◆ **Your objective**: Repeat the records in full and exactly, omitting pictures.

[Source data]
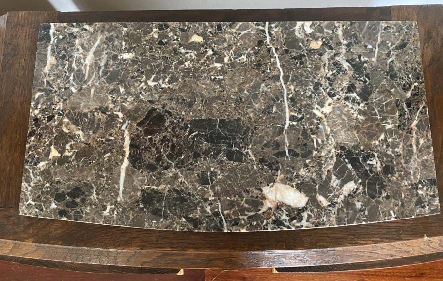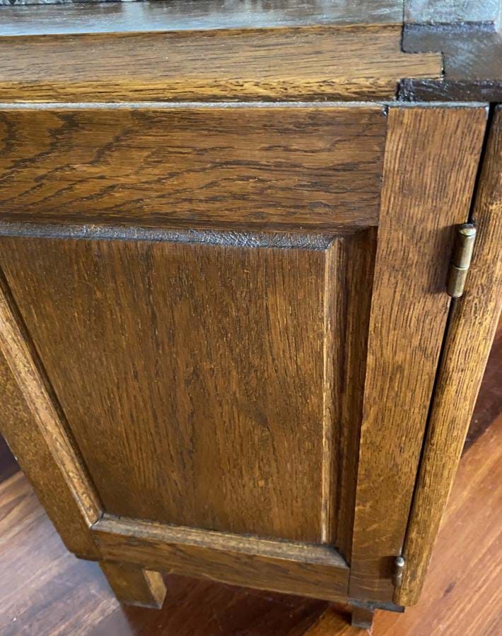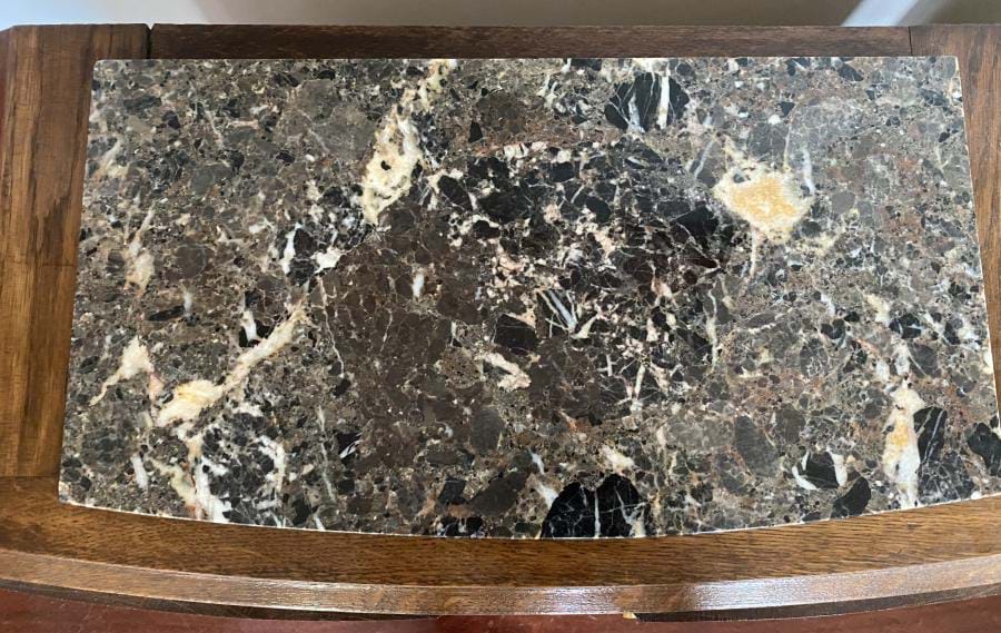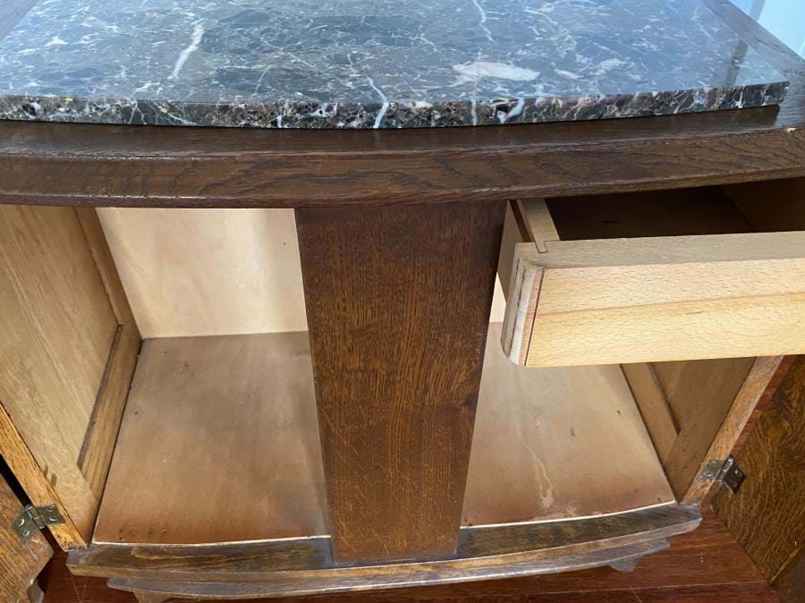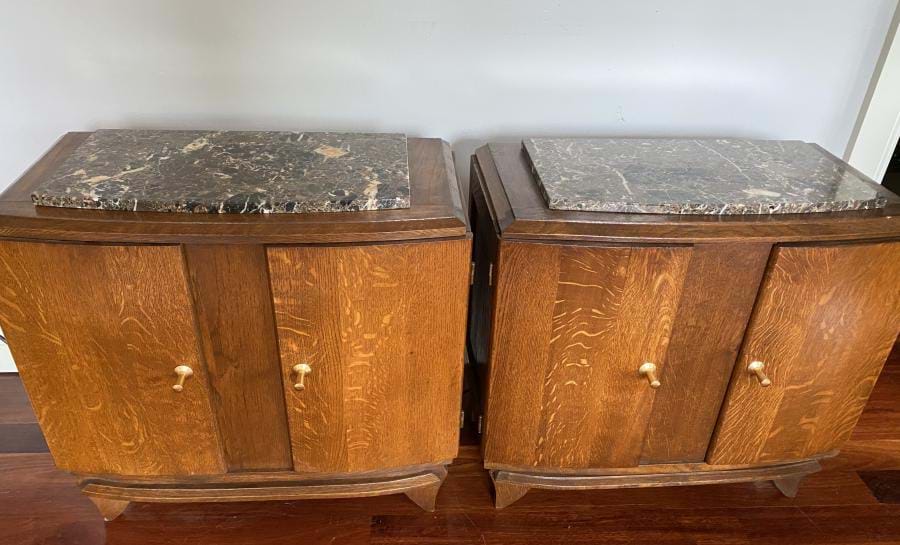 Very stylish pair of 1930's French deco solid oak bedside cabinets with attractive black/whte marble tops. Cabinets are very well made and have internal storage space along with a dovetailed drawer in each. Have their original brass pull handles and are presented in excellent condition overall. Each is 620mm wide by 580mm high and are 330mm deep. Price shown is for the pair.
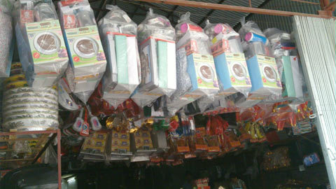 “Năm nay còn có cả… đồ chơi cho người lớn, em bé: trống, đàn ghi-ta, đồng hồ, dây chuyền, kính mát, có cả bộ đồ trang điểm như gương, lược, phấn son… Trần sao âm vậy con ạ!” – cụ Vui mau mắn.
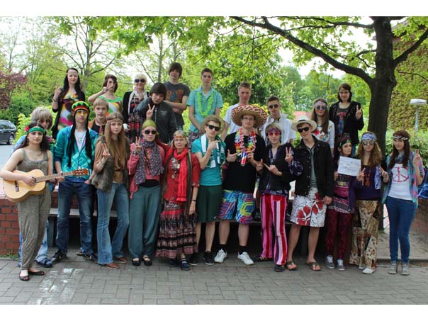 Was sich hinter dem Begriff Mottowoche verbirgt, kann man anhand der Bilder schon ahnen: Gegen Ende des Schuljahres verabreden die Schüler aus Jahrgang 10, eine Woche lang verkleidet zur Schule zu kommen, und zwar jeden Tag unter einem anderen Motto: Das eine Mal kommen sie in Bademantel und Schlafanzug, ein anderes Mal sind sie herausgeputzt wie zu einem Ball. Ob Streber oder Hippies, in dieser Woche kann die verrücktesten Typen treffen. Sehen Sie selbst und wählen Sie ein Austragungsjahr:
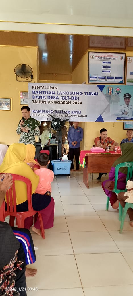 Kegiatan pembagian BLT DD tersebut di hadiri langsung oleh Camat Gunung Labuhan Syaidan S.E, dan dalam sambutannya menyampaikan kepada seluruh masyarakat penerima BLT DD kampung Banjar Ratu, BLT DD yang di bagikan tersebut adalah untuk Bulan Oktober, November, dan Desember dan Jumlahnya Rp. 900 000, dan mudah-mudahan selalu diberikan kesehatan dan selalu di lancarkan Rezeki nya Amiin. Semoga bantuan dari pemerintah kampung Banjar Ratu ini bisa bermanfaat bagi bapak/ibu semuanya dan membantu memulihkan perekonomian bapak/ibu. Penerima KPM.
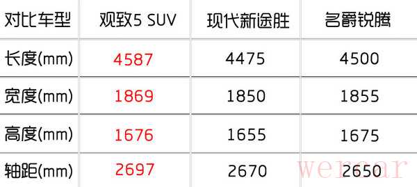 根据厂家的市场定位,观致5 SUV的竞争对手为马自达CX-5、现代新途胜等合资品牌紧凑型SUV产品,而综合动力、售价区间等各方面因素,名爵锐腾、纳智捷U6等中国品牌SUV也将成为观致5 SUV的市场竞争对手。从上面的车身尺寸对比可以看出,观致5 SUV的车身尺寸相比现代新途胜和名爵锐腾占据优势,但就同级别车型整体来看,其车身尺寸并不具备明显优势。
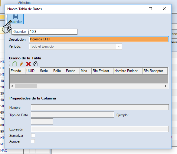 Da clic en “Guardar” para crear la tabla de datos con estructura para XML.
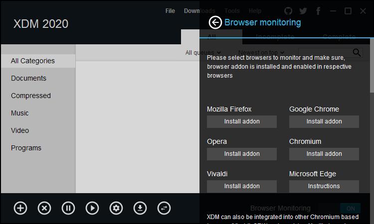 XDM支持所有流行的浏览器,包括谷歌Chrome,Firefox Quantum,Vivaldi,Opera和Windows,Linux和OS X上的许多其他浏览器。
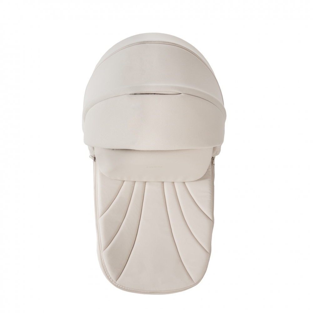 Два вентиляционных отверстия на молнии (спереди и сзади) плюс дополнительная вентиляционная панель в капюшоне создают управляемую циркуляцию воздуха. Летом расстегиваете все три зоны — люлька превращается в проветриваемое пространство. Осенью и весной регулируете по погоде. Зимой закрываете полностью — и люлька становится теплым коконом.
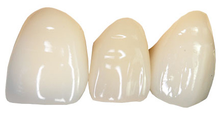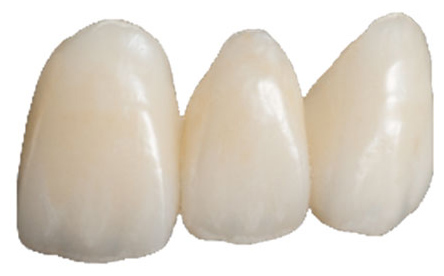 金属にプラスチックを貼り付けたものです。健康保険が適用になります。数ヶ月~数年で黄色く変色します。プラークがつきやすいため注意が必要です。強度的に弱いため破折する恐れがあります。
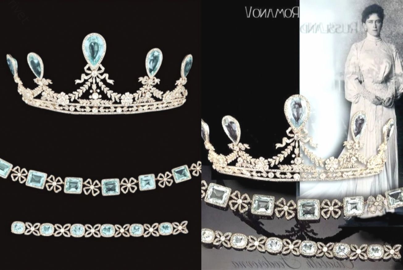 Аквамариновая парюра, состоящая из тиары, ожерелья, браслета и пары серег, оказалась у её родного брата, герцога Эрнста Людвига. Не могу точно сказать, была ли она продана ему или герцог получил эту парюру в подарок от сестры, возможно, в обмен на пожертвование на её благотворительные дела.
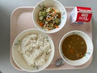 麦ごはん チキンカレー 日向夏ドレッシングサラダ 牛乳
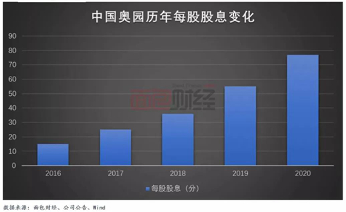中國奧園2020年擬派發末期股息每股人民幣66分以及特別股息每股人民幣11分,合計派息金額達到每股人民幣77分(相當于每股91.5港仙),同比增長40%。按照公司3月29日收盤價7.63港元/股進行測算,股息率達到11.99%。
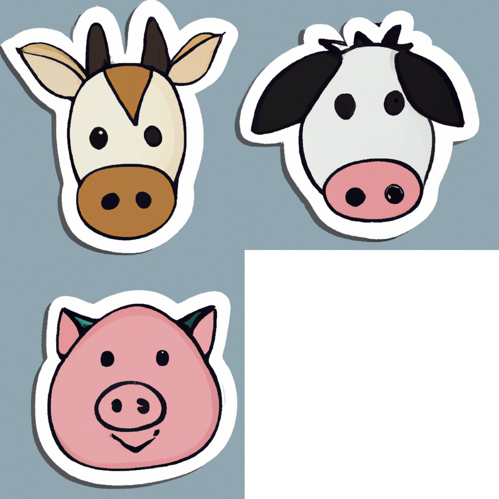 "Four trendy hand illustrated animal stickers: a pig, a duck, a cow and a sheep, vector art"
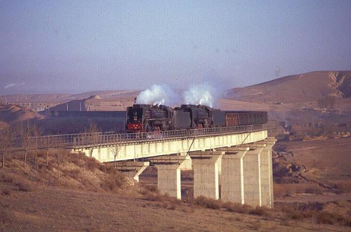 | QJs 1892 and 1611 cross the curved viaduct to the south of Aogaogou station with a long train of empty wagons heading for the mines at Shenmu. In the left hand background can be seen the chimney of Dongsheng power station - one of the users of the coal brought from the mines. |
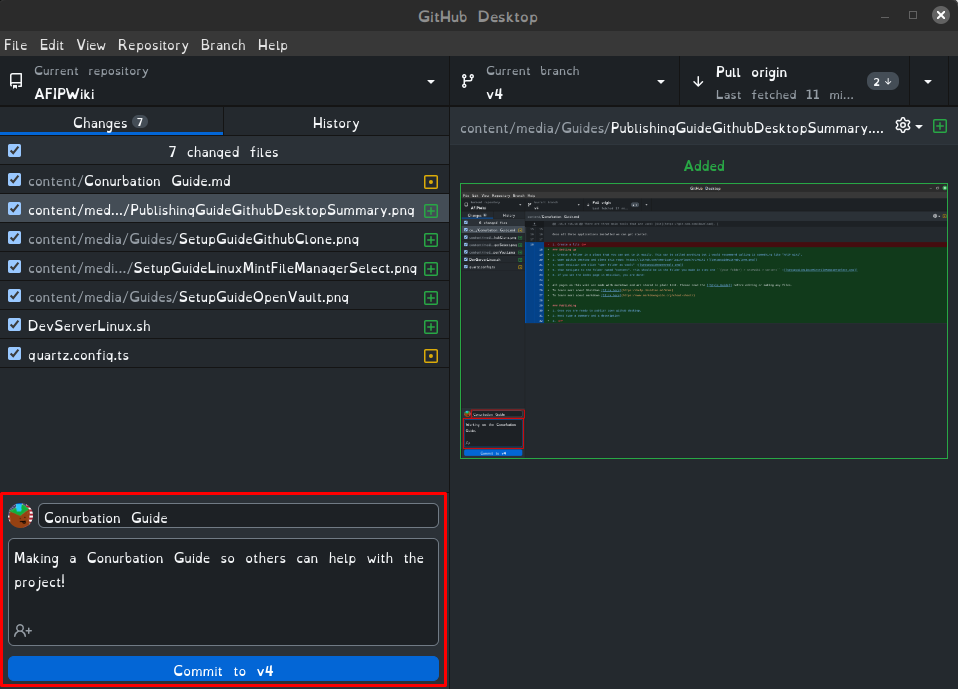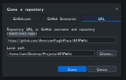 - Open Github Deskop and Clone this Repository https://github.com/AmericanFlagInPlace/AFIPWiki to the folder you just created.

◆ **Result for this exercise**:
 Very stylish pair of 1930's French deco solid oak bedside cabinets with attractive black/whte marble tops. Cabinets are very well made and have internal storage space along with a dovetailed drawer in each. Have their original brass pull handles and are presented in excellent condition overall. Each is 620mm wide by 580mm high and are 330mm deep. Price shown is for the pair.
 “Năm nay còn có cả… đồ chơi cho người lớn, em bé: trống, đàn ghi-ta, đồng hồ, dây chuyền, kính mát, có cả bộ đồ trang điểm như gương, lược, phấn son… Trần sao âm vậy con ạ!” – cụ Vui mau mắn.
 Was sich hinter dem Begriff Mottowoche verbirgt, kann man anhand der Bilder schon ahnen: Gegen Ende des Schuljahres verabreden die Schüler aus Jahrgang 10, eine Woche lang verkleidet zur Schule zu kommen, und zwar jeden Tag unter einem anderen Motto: Das eine Mal kommen sie in Bademantel und Schlafanzug, ein anderes Mal sind sie herausgeputzt wie zu einem Ball. Ob Streber oder Hippies, in dieser Woche kann die verrücktesten Typen treffen. Sehen Sie selbst und wählen Sie ein Austragungsjahr:
 Kegiatan pembagian BLT DD tersebut di hadiri langsung oleh Camat Gunung Labuhan Syaidan S.E, dan dalam sambutannya menyampaikan kepada seluruh masyarakat penerima BLT DD kampung Banjar Ratu, BLT DD yang di bagikan tersebut adalah untuk Bulan Oktober, November, dan Desember dan Jumlahnya Rp. 900 000, dan mudah-mudahan selalu diberikan kesehatan dan selalu di lancarkan Rezeki nya Amiin. Semoga bantuan dari pemerintah kampung Banjar Ratu ini bisa bermanfaat bagi bapak/ibu semuanya dan membantu memulihkan perekonomian bapak/ibu. Penerima KPM.
 根据厂家的市场定位,观致5 SUV的竞争对手为马自达CX-5、现代新途胜等合资品牌紧凑型SUV产品,而综合动力、售价区间等各方面因素,名爵锐腾、纳智捷U6等中国品牌SUV也将成为观致5 SUV的市场竞争对手。从上面的车身尺寸对比可以看出,观致5 SUV的车身尺寸相比现代新途胜和名爵锐腾占据优势,但就同级别车型整体来看,其车身尺寸并不具备明显优势。
 Da clic en “Guardar” para crear la tabla de datos con estructura para XML.
 XDM支持所有流行的浏览器,包括谷歌Chrome,Firefox Quantum,Vivaldi,Opera和Windows,Linux和OS X上的许多其他浏览器。
 Два вентиляционных отверстия на молнии (спереди и сзади) плюс дополнительная вентиляционная панель в капюшоне создают управляемую циркуляцию воздуха. Летом расстегиваете все три зоны — люлька превращается в проветриваемое пространство. Осенью и весной регулируете по погоде. Зимой закрываете полностью — и люлька становится теплым коконом.
 金属にプラスチックを貼り付けたものです。健康保険が適用になります。数ヶ月~数年で黄色く変色します。プラークがつきやすいため注意が必要です。強度的に弱いため破折する恐れがあります。
 Аквамариновая парюра, состоящая из тиары, ожерелья, браслета и пары серег, оказалась у её родного брата, герцога Эрнста Людвига. Не могу точно сказать, была ли она продана ему или герцог получил эту парюру в подарок от сестры, возможно, в обмен на пожертвование на её благотворительные дела.
 麦ごはん チキンカレー 日向夏ドレッシングサラダ 牛乳
中國奧園2020年擬派發末期股息每股人民幣66分以及特別股息每股人民幣11分,合計派息金額達到每股人民幣77分(相當于每股91.5港仙),同比增長40%。按照公司3月29日收盤價7.63港元/股進行測算,股息率達到11.99%。
 "Four trendy hand illustrated animal stickers: a pig, a duck, a cow and a sheep, vector art"
 | QJs 1892 and 1611 cross the curved viaduct to the south of Aogaogou station with a long train of empty wagons heading for the mines at Shenmu. In the left hand background can be seen the chimney of Dongsheng power station - one of the users of the coal brought from the mines. |
 - Open Github Deskop and Clone this Repository https://github.com/AmericanFlagInPlace/AFIPWiki to the folder you just created.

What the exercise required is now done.